**Task brief**. Would you print the lines below exactly, beginning at the line that has "Uma esfera de" and stopping after the line that has "接著,劉主任拿來了澄城縣縣委"? Only those lines, and no pictures.

**Supplied entries**.
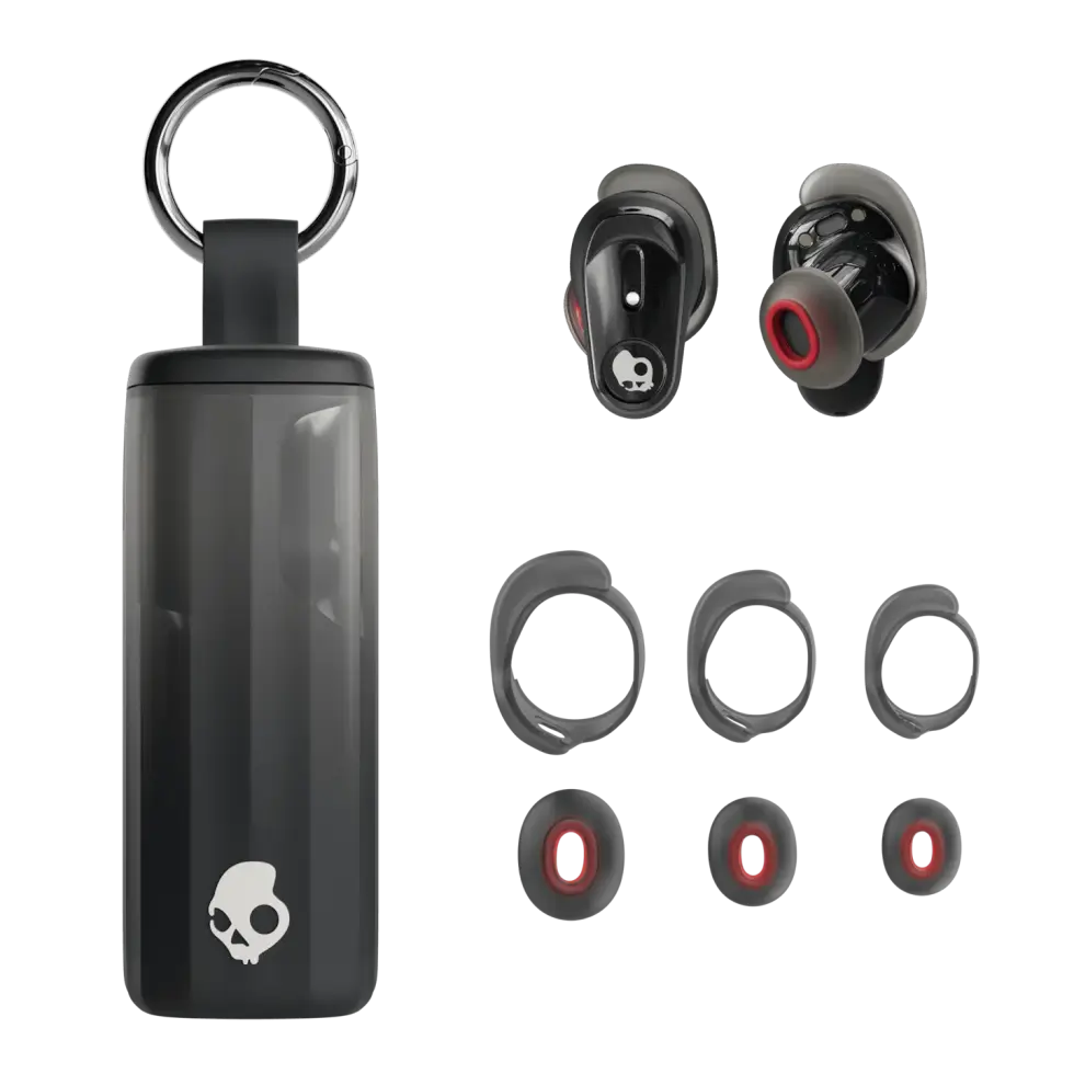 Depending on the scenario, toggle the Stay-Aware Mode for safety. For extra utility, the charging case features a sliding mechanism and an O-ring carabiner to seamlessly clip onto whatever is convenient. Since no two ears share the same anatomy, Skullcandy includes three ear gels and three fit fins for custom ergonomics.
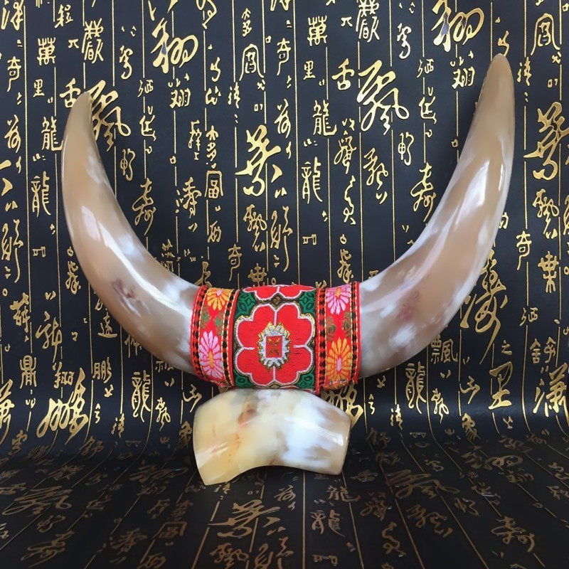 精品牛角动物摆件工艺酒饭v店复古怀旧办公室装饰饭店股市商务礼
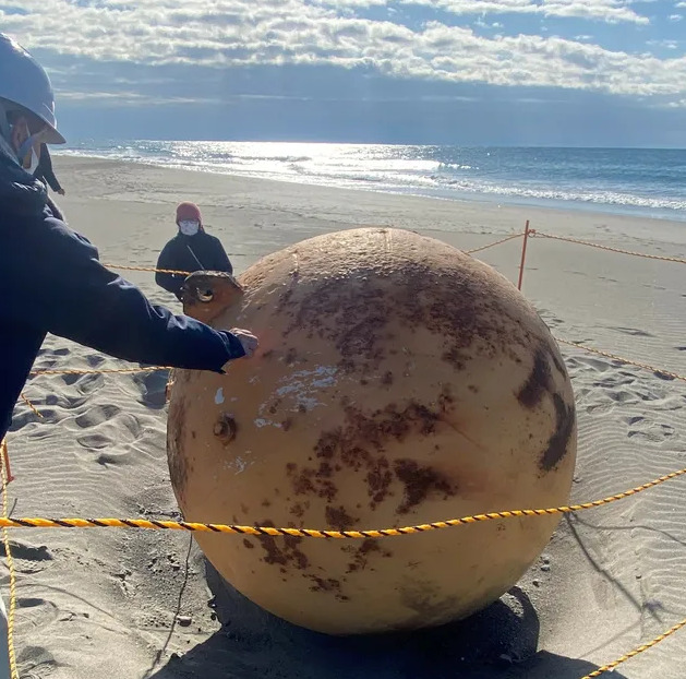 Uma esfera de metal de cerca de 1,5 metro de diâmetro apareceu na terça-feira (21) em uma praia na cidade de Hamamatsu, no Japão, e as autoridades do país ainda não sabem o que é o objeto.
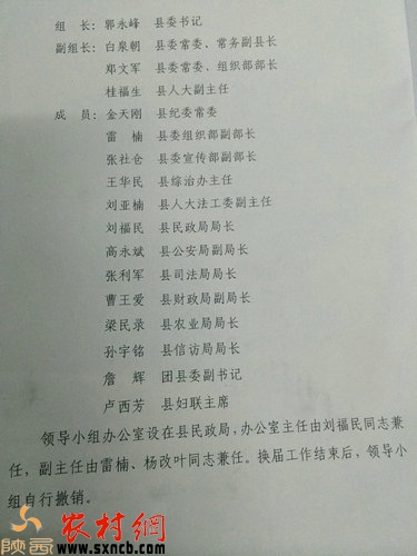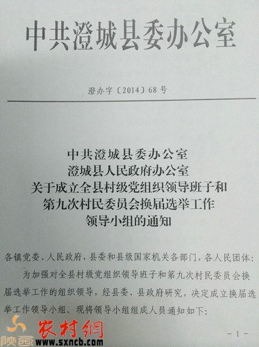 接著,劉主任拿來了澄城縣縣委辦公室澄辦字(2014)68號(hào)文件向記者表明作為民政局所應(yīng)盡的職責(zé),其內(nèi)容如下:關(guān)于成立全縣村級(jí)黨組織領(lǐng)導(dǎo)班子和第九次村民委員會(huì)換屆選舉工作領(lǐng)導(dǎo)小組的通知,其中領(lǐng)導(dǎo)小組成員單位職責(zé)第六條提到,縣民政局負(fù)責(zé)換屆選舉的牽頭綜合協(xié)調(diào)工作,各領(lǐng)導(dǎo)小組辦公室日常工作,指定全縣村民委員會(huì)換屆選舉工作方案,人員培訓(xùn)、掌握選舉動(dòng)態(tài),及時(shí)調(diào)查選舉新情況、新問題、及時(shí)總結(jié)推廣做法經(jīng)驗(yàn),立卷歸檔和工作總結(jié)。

* * *

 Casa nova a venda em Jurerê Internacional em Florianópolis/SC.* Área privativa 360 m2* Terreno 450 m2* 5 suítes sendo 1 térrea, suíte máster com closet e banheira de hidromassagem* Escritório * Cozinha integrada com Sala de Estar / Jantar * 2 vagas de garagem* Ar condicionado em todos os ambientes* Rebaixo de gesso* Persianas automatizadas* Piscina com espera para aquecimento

**Output below**.
 Uma esfera de metal de cerca de 1,5 metro de diâmetro apareceu na terça-feira (21) em uma praia na cidade de Hamamatsu, no Japão, e as autoridades do país ainda não sabem o que é o objeto.
 接著,劉主任拿來了澄城縣縣委辦公室澄辦字(2014)68號(hào)文件向記者表明作為民政局所應(yīng)盡的職責(zé),其內(nèi)容如下:關(guān)于成立全縣村級(jí)黨組織領(lǐng)導(dǎo)班子和第九次村民委員會(huì)換屆選舉工作領(lǐng)導(dǎo)小組的通知,其中領(lǐng)導(dǎo)小組成員單位職責(zé)第六條提到,縣民政局負(fù)責(zé)換屆選舉的牽頭綜合協(xié)調(diào)工作,各領(lǐng)導(dǎo)小組辦公室日常工作,指定全縣村民委員會(huì)換屆選舉工作方案,人員培訓(xùn)、掌握選舉動(dòng)態(tài),及時(shí)調(diào)查選舉新情況、新問題、及時(shí)總結(jié)推廣做法經(jīng)驗(yàn),立卷歸檔和工作總結(jié)。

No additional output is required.